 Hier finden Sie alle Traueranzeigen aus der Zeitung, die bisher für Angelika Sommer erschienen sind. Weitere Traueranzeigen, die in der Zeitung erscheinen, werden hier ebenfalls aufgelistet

* * *

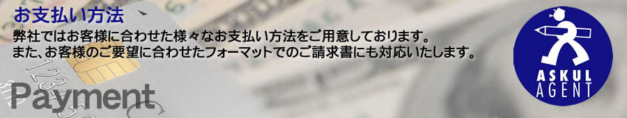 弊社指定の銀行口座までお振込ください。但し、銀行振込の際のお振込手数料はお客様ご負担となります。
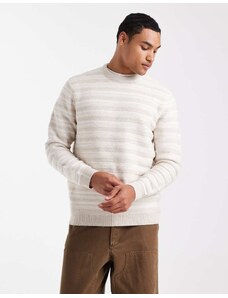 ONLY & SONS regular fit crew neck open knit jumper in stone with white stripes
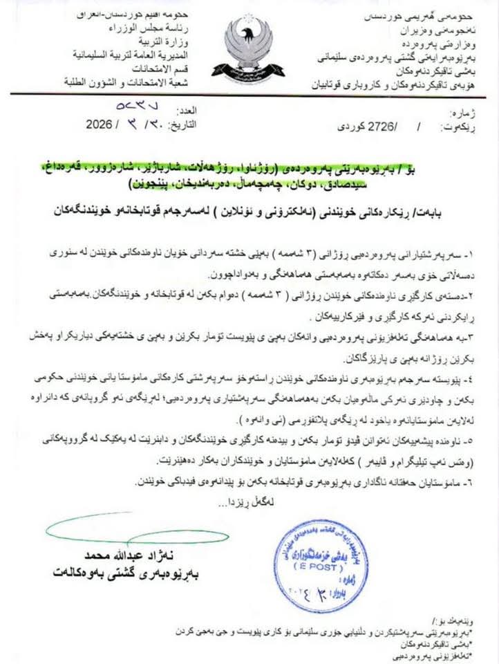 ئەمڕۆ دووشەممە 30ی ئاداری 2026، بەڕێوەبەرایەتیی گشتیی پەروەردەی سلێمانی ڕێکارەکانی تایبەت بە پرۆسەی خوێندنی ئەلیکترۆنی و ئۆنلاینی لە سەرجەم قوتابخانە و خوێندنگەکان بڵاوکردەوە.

Activity: Taking the entries above, extract every line from the one bearing "ONLY & SONS" through the one bearing "ئەمڕۆ دووشەممە 30ی", exactly, with no pictures.

Task output:
 ONLY & SONS regular fit crew neck open knit jumper in stone with white stripes
 ئەمڕۆ دووشەممە 30ی ئاداری 2026، بەڕێوەبەرایەتیی گشتیی پەروەردەی سلێمانی ڕێکارەکانی تایبەت بە پرۆسەی خوێندنی ئەلیکترۆنی و ئۆنلاینی لە سەرجەم قوتابخانە و خوێندنگەکان بڵاوکردەوە.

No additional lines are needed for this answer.